How had she not known? she thought. How he felt. How she felt herself. The way they looked at each other wasn’t the way Alec looked at Jace, or Clary at Simon.

“Emma,” Julian whispered. “Your Marks . . .”

She shook her head, tears bitter in the back of her throat. It’s done.

The look on his face broke her heart. He knew there was no point arguing that he should be the one to have his Marks stripped instead, Emma thought. He could read her again, just like she could read him.

“Julian,” Magnus said. “Give me your arm. The left one.”

Julian tore his gaze away from Emma’s and offered his scarred arm to Magnus.

Magnus ran his blue-sparking fingers with surprising gentleness along Julian’s forearm, and the incised letters, one by one, faded and disappeared. When he was done, he released Julian and looked between him and Emma. “I’ll give you a small piece of good news,” he said. “You weren’t parabatai when you were in Thule. That was an injury to your bond that’s healing. So you have a small cushion of time during which the bond will be weaker.”

Thank the Angel. “How long?” Emma said.

“That depends on you. Love is powerful, and the more you’re together, and let yourself feel what you do, the stronger it’ll be. You need to stay away from each other. To not touch each other. Not speak to each other. Try not to even think about each other.” He waved his arms like an octopus. “If you find yourselves thinking fondly of each other, for God’s sake stop yourselves right away.”

They both stared at him.

“We can’t do that forever,” Emma said.

“I know. But hopefully, when the Cohort is gone, we’ll have a new Inquisitor who can gift you with exile. And hopefully it’ll happen soon.”

“Exile is a pretty bitter gift,” Julian said.

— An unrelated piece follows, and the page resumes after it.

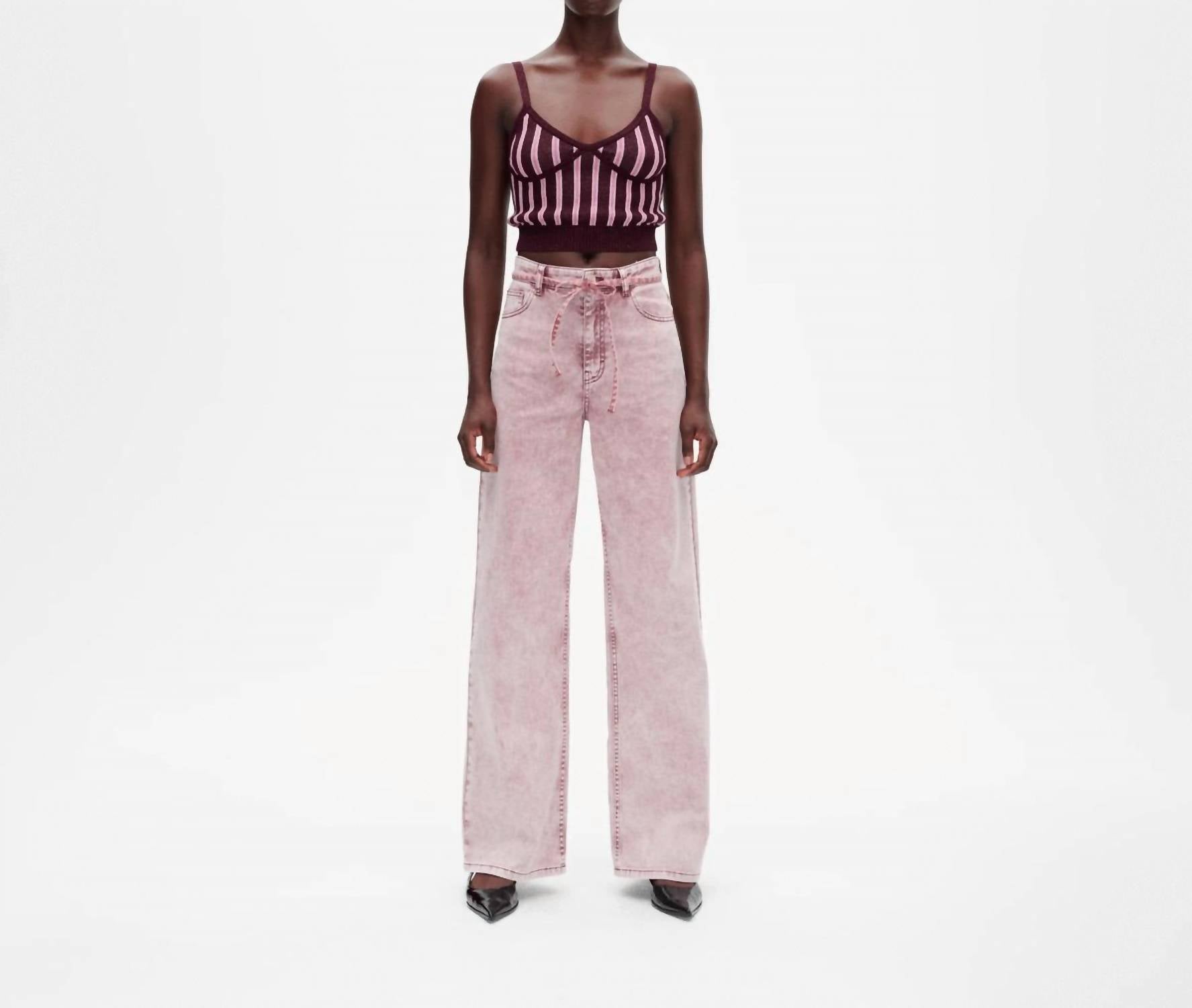 Just as cute as they are comfortable. Introducing the Ninie Jean by BAUM UND PFERDGARTEN, crafted in a stylish washed sassafras hue for modern flair. These wide-leg jeans feature a high-rise fit and thoughtful 5-pocket design, accommodating versatile styling with belt loops and a removable tie belt. Made from a luxurious blend of 97% Organic Cotton and 3% Elasthane, the jeans boast a button closure with zip fly for a secure fit. Machine wash.

Magnus’s smile was full of sorrow. “Many gifts are.”

*

It wasn’t hard to find Kieran. He hadn’t gone very far; he was standing in the hallway near one of the windows that looked out over the hills. He had his palm pressed flat against the glass, as if he could touch the sand and desert flowers through the barrier.

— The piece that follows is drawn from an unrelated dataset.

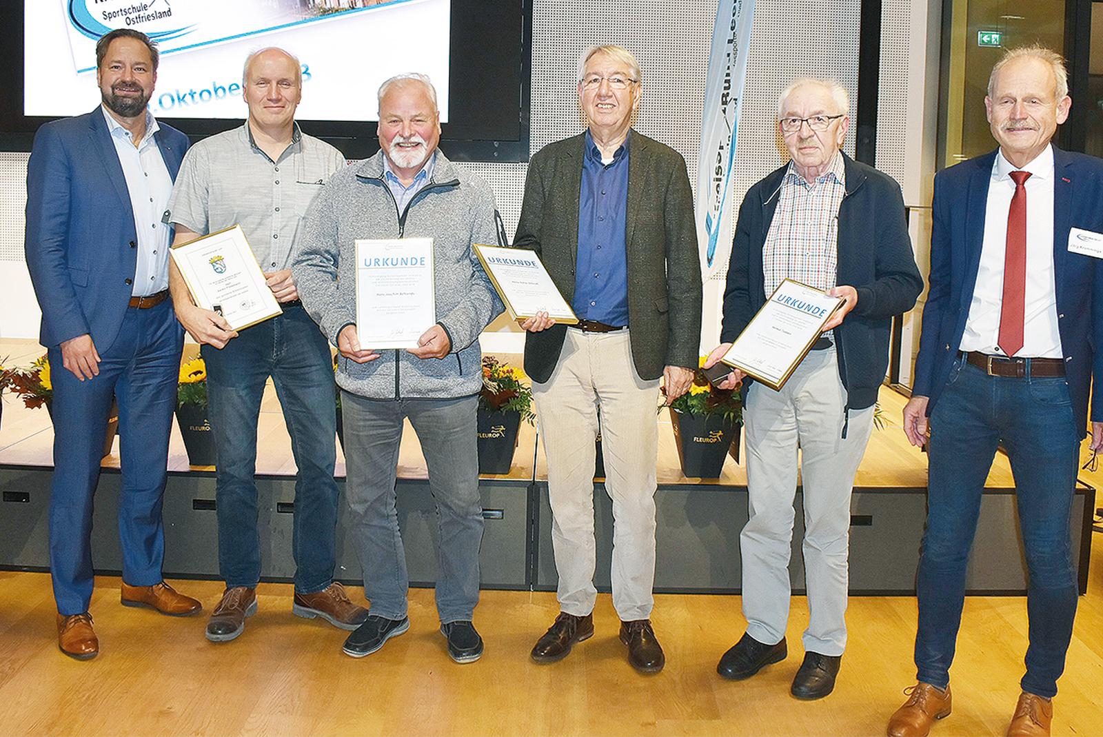 Vier der sechs Geehrten (mit Urkunde) kommen aus dem Rheiderland: (von links) Aeilko Fresemann (RuF Rheiderland), Hans-Joachim Behrends (SV Jemgum), Heinz Dieter Schmidt (BSV Bingum) und Helmut Tjabben (SV Wymeer-Boen) mit André Kwiatkowski (links) Jörg Kromminga (rechts).  © Foto: Kuper

“Kieran,” Mark said, stopping before he reached him. Cristina stopped too; there was something remote in Kieran’s expression, something distant. The awkwardness that had been between all of them since the night before was still there too, forbidding simple gestures of comfort.

“I fear my people will be murdered and my country will be destroyed,” Kieran said. “That all the beauty and magic of Faerie will be dissolved and forgotten.”

“Faeries are strong and magical and wise,” said Cristina. “They have lived through all the ages of mortals. These—these culeros cannot wipe them out.”